Interesting. I don't think I've ever had a program that could.

But we've had several other examples where it depends not only on the engine but also on the GUI and configuration.

It also depends on the allotted think time, but on a different thread several examples were shown where increasing the think time increased the blunder rate. I think that could be fairly prevalent in "difficult" positions.

I'm playing your endgame position against the syzygy right now with the latest development version of Stockfish WITH NNUE and sans tablebases. So far it is playing all of the best moves.

I just noticed my example was also SF15 with NNUE not SF15.1 without.

It marked time on move 3 but otherwise was perfectly accurate up to move 22 when it started to get flaky (even though its evaluation collapsed on move 19).

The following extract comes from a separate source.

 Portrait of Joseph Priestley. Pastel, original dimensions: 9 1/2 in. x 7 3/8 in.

I used Stockfish 15 NNUE without tablebases on the Otto Blathy puzzle you posted, and Stockfish annouced a mate in 50 after 8 minutes and 16 seconds and held onto it until I terminated the search at the 9 minute and 20 second mark.

MARattigan

@drdos7

I'm surprised. I thought that position was a certainty for your "Mates that are difficult for engines" thread.

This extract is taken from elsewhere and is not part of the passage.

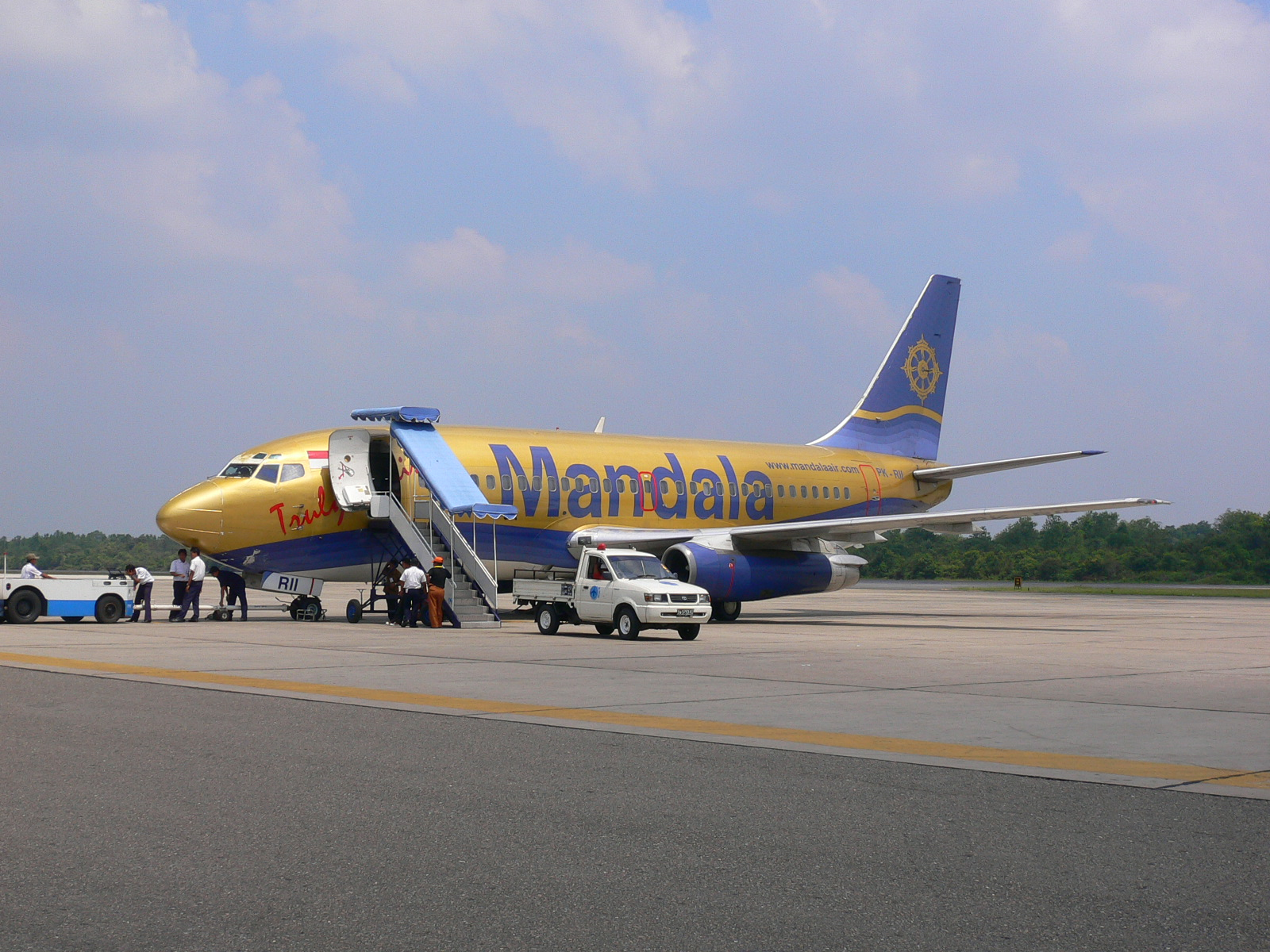 Photo of a 737-200 of Mandala Airlines in special livery. Registration PK-RII. Photo is taken on Pekanbaru's Airport when I'm about to board a MD-82 of Lion Air parked beside this plane.

My last post was wrong on two counts.

Firstly, I just tried it with my standard version of 15.1 without NNUE and it also announced mate (after a fairly long wait and was oscillating at values just over 50). So I did probably have an engine that will play it, though I haven't tried it yet.

Secondly, 1...Kg1 is just as obstinate as 1...Ke1. I'd somehow assumed it wasn't because the bishop disappears immediately, but they both reach the same position(s) where the cycle that forces the pawns forward starts on move 7.

So SF15 may have solved the position depending on whether it's telling the truth or not.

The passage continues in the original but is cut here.